* [EXERCISE] Print only the lines below from the one with "Premium golden 4k" to the one with "ljus tända och", both included, exactly as they stand. Leave pictures out.

* [RECORDS FOR THE EXERCISE]

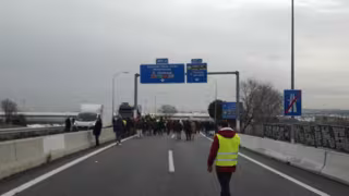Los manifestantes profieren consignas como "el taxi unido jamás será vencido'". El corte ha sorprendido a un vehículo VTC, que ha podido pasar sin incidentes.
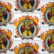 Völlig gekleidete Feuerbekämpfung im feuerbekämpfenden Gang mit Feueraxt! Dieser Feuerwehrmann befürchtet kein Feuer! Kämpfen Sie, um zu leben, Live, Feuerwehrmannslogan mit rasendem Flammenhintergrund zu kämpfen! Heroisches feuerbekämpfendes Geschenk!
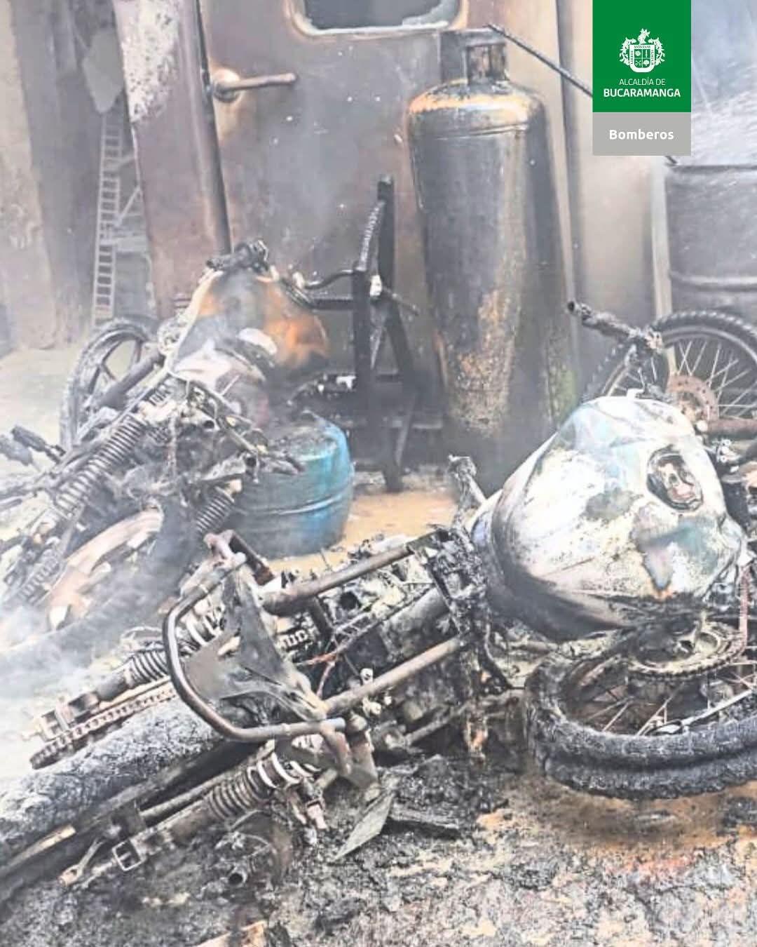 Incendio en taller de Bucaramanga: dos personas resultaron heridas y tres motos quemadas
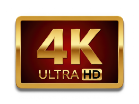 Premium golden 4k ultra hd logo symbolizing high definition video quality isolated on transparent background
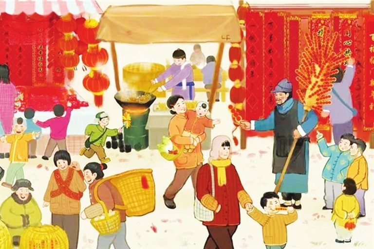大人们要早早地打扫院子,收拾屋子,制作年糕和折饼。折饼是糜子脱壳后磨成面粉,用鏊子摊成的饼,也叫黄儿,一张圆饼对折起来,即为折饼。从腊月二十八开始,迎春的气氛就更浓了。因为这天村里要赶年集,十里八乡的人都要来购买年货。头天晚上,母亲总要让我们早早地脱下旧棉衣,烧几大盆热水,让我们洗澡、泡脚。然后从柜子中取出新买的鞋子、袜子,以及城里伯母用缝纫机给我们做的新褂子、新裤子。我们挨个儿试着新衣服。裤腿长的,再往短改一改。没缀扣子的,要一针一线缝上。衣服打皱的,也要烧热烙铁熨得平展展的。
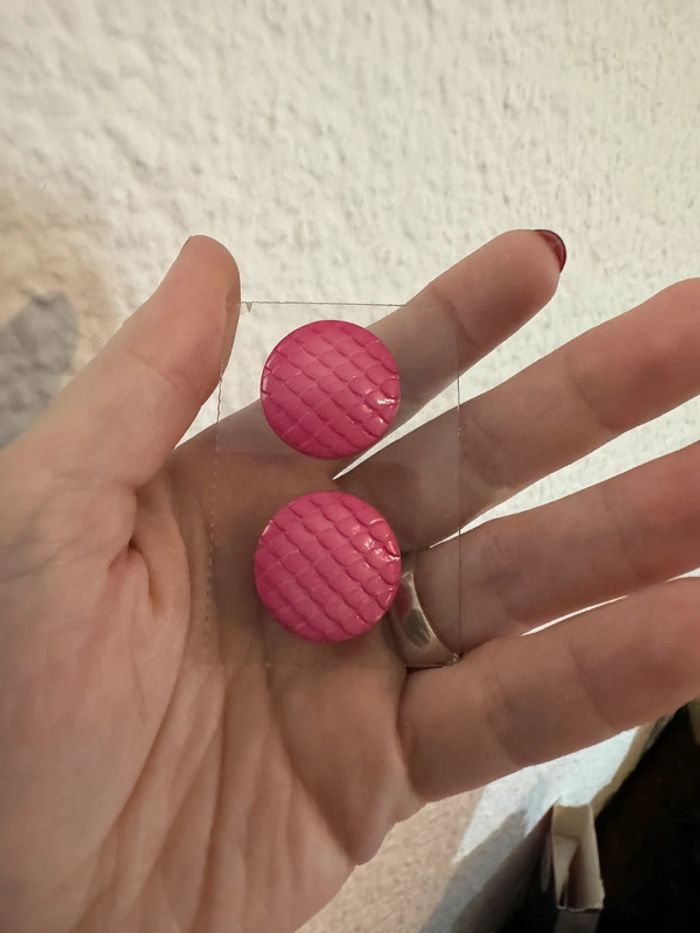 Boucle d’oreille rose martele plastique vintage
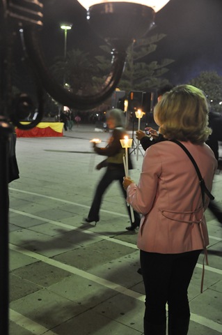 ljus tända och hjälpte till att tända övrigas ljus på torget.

...

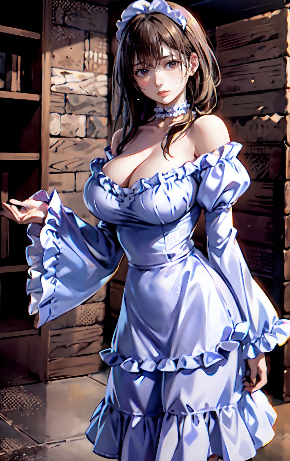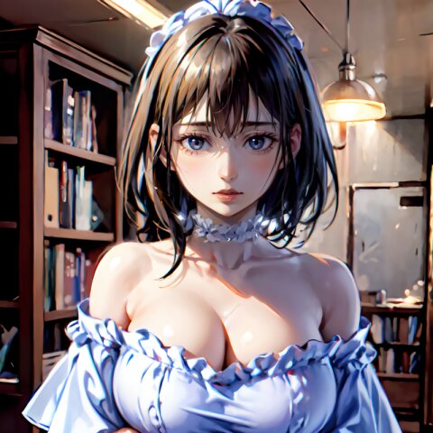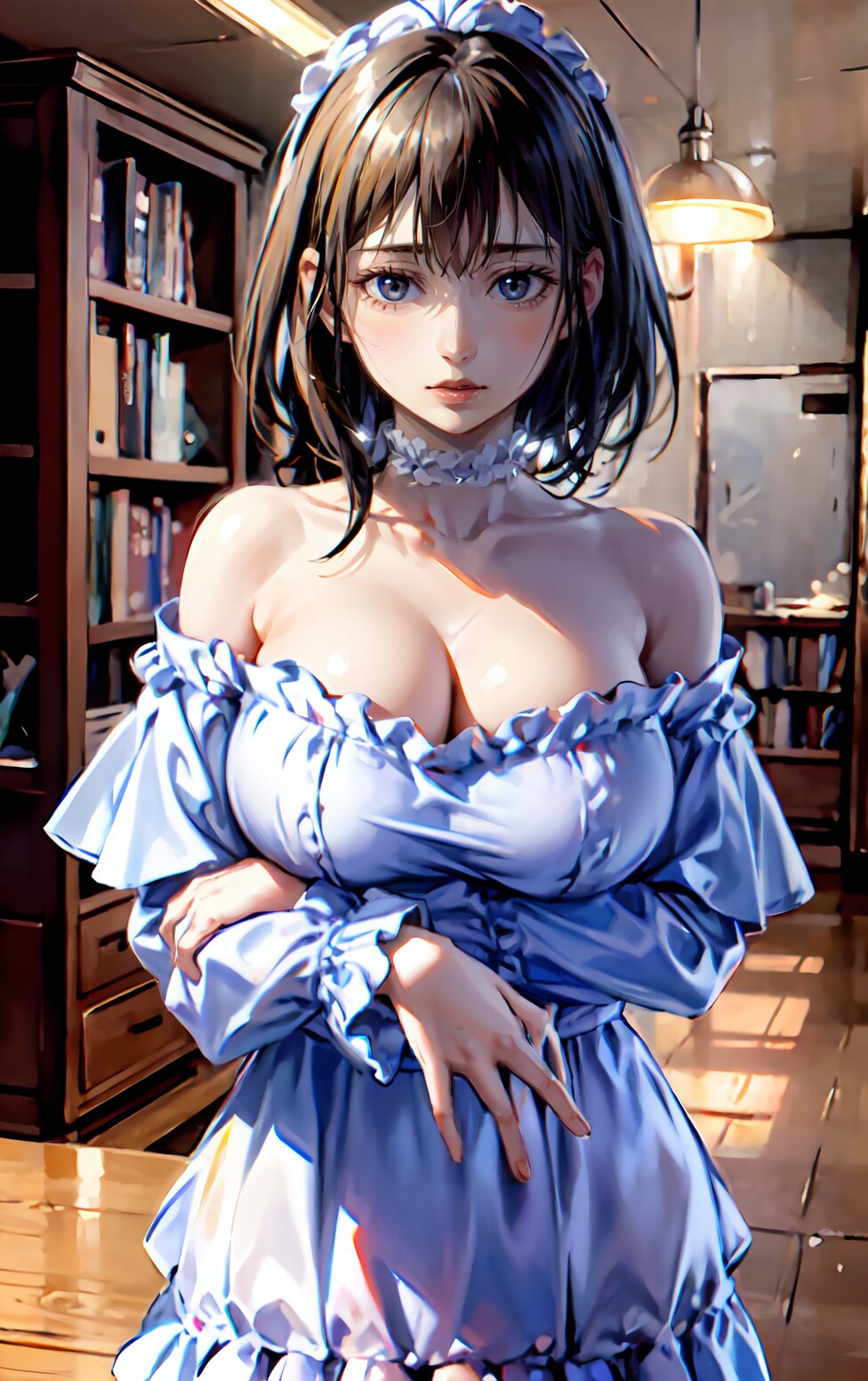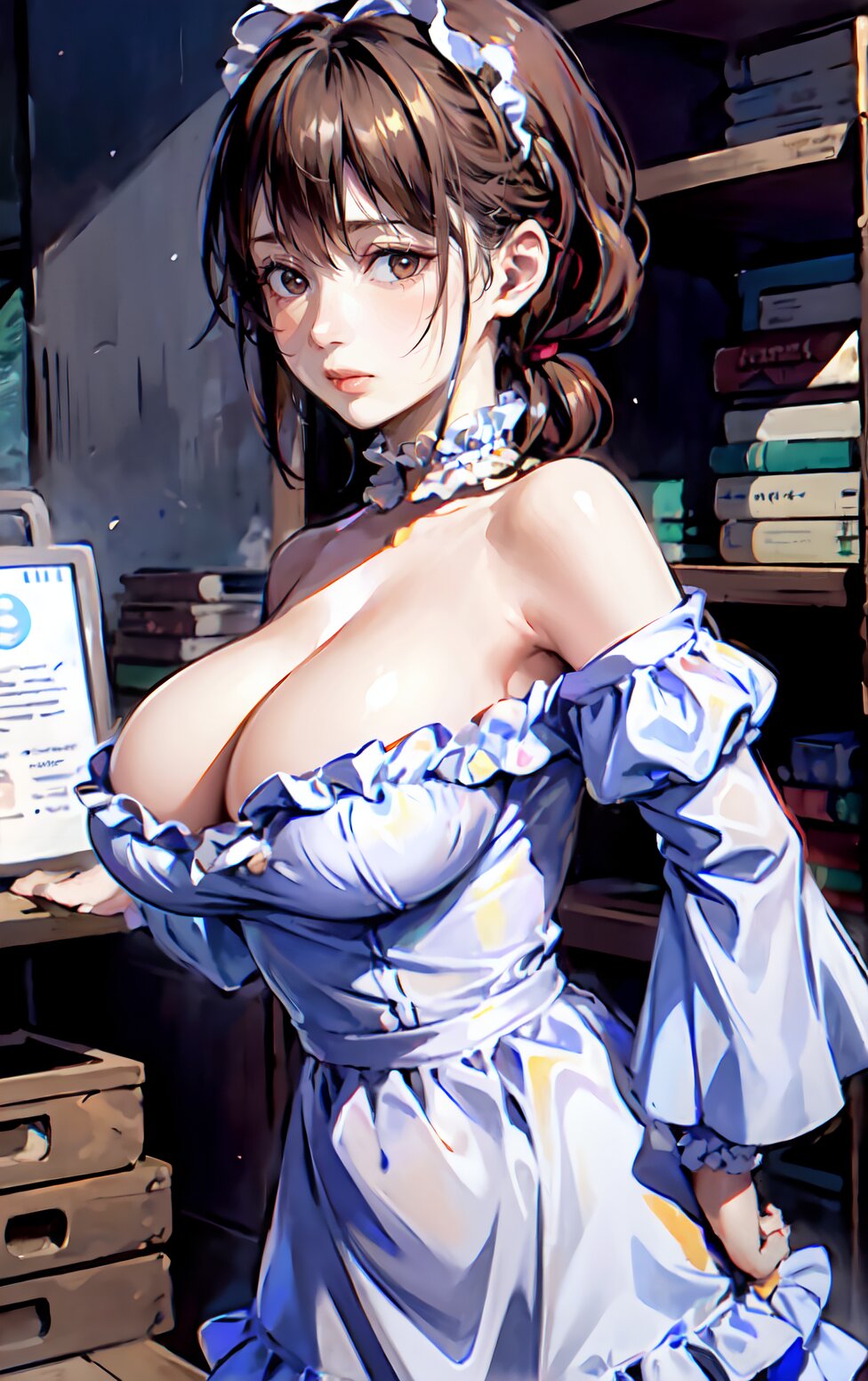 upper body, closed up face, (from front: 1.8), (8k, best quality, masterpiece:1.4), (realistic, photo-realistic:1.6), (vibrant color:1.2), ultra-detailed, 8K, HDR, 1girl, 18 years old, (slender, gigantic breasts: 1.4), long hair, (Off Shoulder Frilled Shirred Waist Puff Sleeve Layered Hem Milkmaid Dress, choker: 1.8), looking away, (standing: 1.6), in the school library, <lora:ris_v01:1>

* [TASK OUTPUT]
 Premium golden 4k ultra hd logo symbolizing high definition video quality isolated on transparent background
大人们要早早地打扫院子,收拾屋子,制作年糕和折饼。折饼是糜子脱壳后磨成面粉,用鏊子摊成的饼,也叫黄儿,一张圆饼对折起来,即为折饼。从腊月二十八开始,迎春的气氛就更浓了。因为这天村里要赶年集,十里八乡的人都要来购买年货。头天晚上,母亲总要让我们早早地脱下旧棉衣,烧几大盆热水,让我们洗澡、泡脚。然后从柜子中取出新买的鞋子、袜子,以及城里伯母用缝纫机给我们做的新褂子、新裤子。我们挨个儿试着新衣服。裤腿长的,再往短改一改。没缀扣子的,要一针一线缝上。衣服打皱的,也要烧热烙铁熨得平展展的。
 Boucle d’oreille rose martele plastique vintage
 ljus tända och hjälpte till att tända övrigas ljus på torget.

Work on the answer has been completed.